Specific work on the Ninh Thuan Plan 1, which is expected to be the first of four Russian built VVER type light water reactors, includes environmental assessments of a site and a complete understanding of the design and safety factors associated with building and operating the reactors.
The permanent workforce for each reactor will require nearly 1100 people including 900 with engineering training at the university level and another 200 technicians. Currently, about 300 engineers are in training at Russian institutes.

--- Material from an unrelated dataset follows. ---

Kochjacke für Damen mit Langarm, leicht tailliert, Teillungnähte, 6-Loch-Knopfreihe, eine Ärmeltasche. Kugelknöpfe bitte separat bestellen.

The Ninh Thuan site broke ground in 2014, but Mr. Tuian said construction has been pushed back two-to-three years so that work force development and creation of a government safety and regulatory infrastructure can be completed.
Rosatom is set to build the first four of Vietnam’s eight planned reactors. A consortium of Japanese firms is pursuing being the developers of the next four.
Vietnam’s current electrical generation comes mostly from coal. It wants to develop reliable power to continue development of its contract manufacturing exports and also to supply power to exploit its bauxite deposits to create a finished goods aluminum industry.